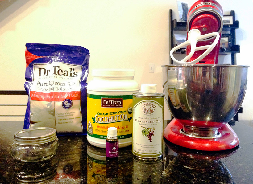 This recipe for a lavender salt scrub is AMAZING! It's easy to make, moisturizing and great for your skin. Simply whip 1 2/3 cups coconut oil in a mixer and add 1/3 cup grapeseed oil and a cup of epsom salt. Once it's a nice consistency add 20 drops of lavender essential oil (or your favorite EO) and add to containers. I used 8oz mason jars and this recipe made 3 salt scrubs. Enjoy!
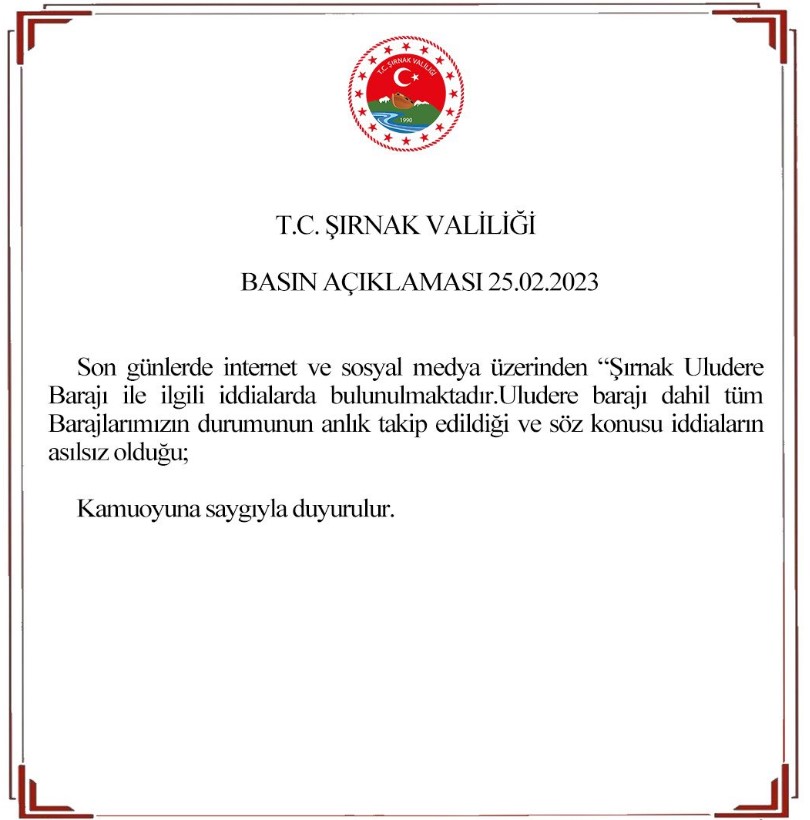 Valiliğin resmi internet sitesinde yer alan açıklamada "Son günlerde internet ve sosyal medya üzerinden Şırnak Uludere Barajı ile ilgili iddialarda bulunulmaktadır. Uludere barajı dahil tüm barajlarımızın durumunun anlık takip edildiği ve söz konusu iddiaların asılsız olduğu; kamuoyuna saygıyla duyurulur" denildi.
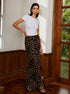 Günlük Leopar Desenli Şifon Maksi Etek
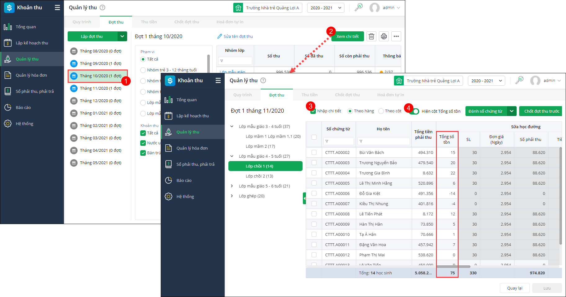 Câu chuyên nghiệp vụ: Tại đơn vị, trường hợp học sinh có số buổi tồn tháng trước > số buổi đăng ký tháng này thì tháng này học sinh không phải nộp tiền khoản thu đó. Đồng thời, trên thông báo thu tiền, báo cáo, sổ sách hiển thị đúng số tồn của tháng trước.
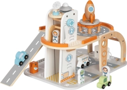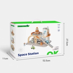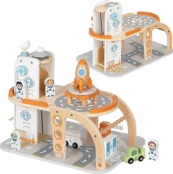 Ta przemyślanie zaprojektowana drewniana zabawka przeniesie dzieci w świat kosmicznych misji. Wielopoziomowa konstrukcja z czytelnym oznakowaniem tras, ruchomą windą i długą rampą zjazdową zachęca do historii pełnych startów, lądowań i zadań serwisowych. Zestaw uzupełniają figurki astronautów, lądowisko z rakietą, łazik oraz inne akcesoria do realistycznej zabawy.
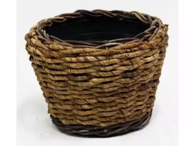 Deze mooie plantenmand is gemaakt van kunststof, rotan, is 28 cm hoog en heeft een diameter/breedte van 36 cm. Deze plantenmand heeft een kunststof inzet-pot waardoor de mand niet door zal lekken en perfect is om binnen te gebruiken!

--- EXERCISE BRIEF ---
Print every line above exactly as given, but not the pictures.

--- SOLUTION FOR THIS PROBLEM ---
 This recipe for a lavender salt scrub is AMAZING! It's easy to make, moisturizing and great for your skin. Simply whip 1 2/3 cups coconut oil in a mixer and add 1/3 cup grapeseed oil and a cup of epsom salt. Once it's a nice consistency add 20 drops of lavender essential oil (or your favorite EO) and add to containers. I used 8oz mason jars and this recipe made 3 salt scrubs. Enjoy!
 Valiliğin resmi internet sitesinde yer alan açıklamada "Son günlerde internet ve sosyal medya üzerinden Şırnak Uludere Barajı ile ilgili iddialarda bulunulmaktadır. Uludere barajı dahil tüm barajlarımızın durumunun anlık takip edildiği ve söz konusu iddiaların asılsız olduğu; kamuoyuna saygıyla duyurulur" denildi.
 Günlük Leopar Desenli Şifon Maksi Etek
 Câu chuyên nghiệp vụ: Tại đơn vị, trường hợp học sinh có số buổi tồn tháng trước > số buổi đăng ký tháng này thì tháng này học sinh không phải nộp tiền khoản thu đó. Đồng thời, trên thông báo thu tiền, báo cáo, sổ sách hiển thị đúng số tồn của tháng trước.
 Ta przemyślanie zaprojektowana drewniana zabawka przeniesie dzieci w świat kosmicznych misji. Wielopoziomowa konstrukcja z czytelnym oznakowaniem tras, ruchomą windą i długą rampą zjazdową zachęca do historii pełnych startów, lądowań i zadań serwisowych. Zestaw uzupełniają figurki astronautów, lądowisko z rakietą, łazik oraz inne akcesoria do realistycznej zabawy.
 Deze mooie plantenmand is gemaakt van kunststof, rotan, is 28 cm hoog en heeft een diameter/breedte van 36 cm. Deze plantenmand heeft een kunststof inzet-pot waardoor de mand niet door zal lekken en perfect is om binnen te gebruiken!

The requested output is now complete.